Review: The Misanthrope Politically correct in the 17th Century

The Misanthrope brings laughs and literature to The Hilberry.

Andrew Papa as Alceste and Vanessa Sawson and Célimène. Photo credit: Nikki Allen

Patty Nolan

Detroit Theater Examiner

This Examiner Rates The Misanthrope: 4 out of 5 stars

The original article may be found here.

With so many members of the media absorbed (self-absorbed?) by the ongoing debate regarding political correctness vs. rhetorical violence, we could take a page from the hero of Moliere’s The Misanthrope. Alceste despises all mankind, and especially the insincerity he sees everywhere. Better to tell the truth and benefit by it, he argues, than to mince words and wallow in phony courtesies.

Of course, 17th Century playwright Moliere was mocking the fashionable court of Louis XIV. We can only wonder what fun he would have skewering today’s politicians.

Fun is the operative word with the production of The Misanthrope that that just opened at The Hilberry Theatre. Directed by Jesse Merz, this show delights visually, intellectually, and at the most basic comic levels.

Merz uses the amazing translation by Tim Mooney – adapted for his own productions by Chicago’s Stage Two theatre – which delivers all Moliere’s mirth in the cleverest verse. The actors deliver the lines naturally enough, but at times pause significantly to allow the audience to anticipate and enjoy the inevitably crafty rhymes.

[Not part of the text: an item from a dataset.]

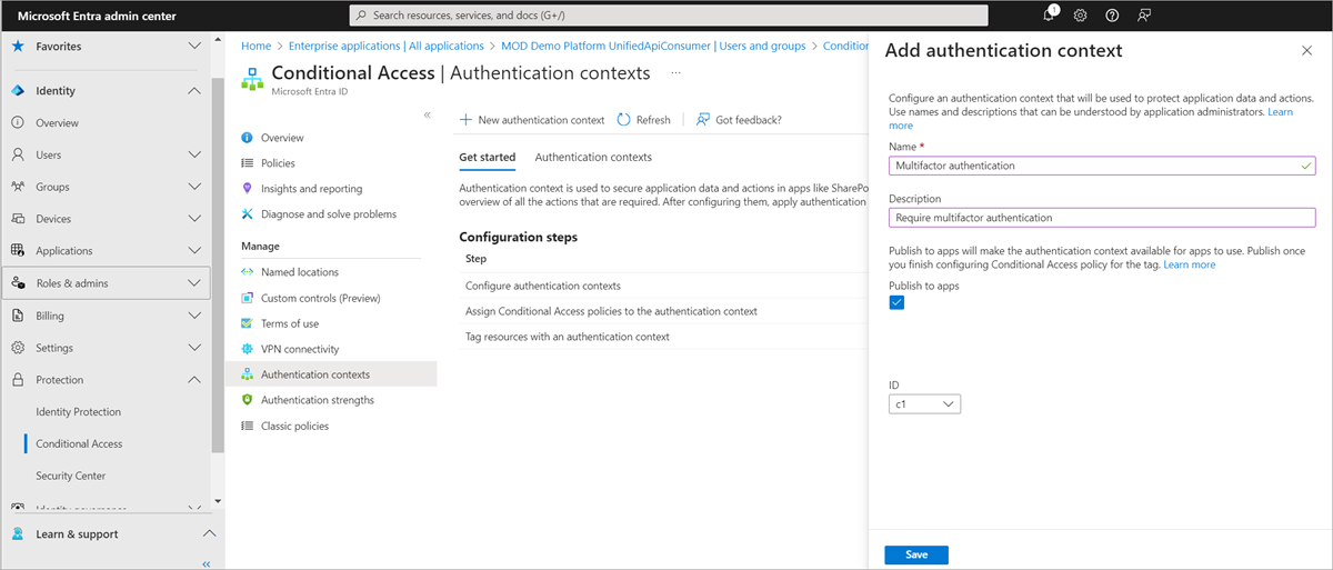 Tindakan yang dilindungi ditambahkan dengan menetapkan nilai konteks autentikasi ke izin. Nilai konteks autentikasi yang tersedia di penyewa dapat ditemukan dengan memanggil API authenticationContextClassReference .

Edmund Alyn Jones as Clitandre, Vanessa Sawson as Célimène and Jordan Whalen as Acaste. Photo credit: Nikki Allen

Andrew Papa is irreproachable as Alceste, the misanthrope. He is in love, against his better judgment, with the beautiful but coquettish Célimène, played with great vivacity by Vannessa Sawson. Célimène seems to think that there is nothing wrong with society; in fact she represents everything Alceste despises. So do the other beaus vying for Célimène’s attentions – played with great hilarity by Alan Ball (Oronte), Jordan Whalen (Acaste), and Edmund Alyn Jones (Clitandre). Lorelei Sturm, as the seemingly pious, highly judgmental Arsinoé, is perfect as Célimène’s foil. As always, the small but juicy comic bits go to the servant classes – Jason Cabral (Basque), and Christopher Ellis (Du Bois) play these to the hilt. The only two sensible characters in the show are Alceste’s best friend Philinte and Célimène’s cousin, Éliante, played with sympathy and sincerity by Dave Toomey and Samantha Rosentrater.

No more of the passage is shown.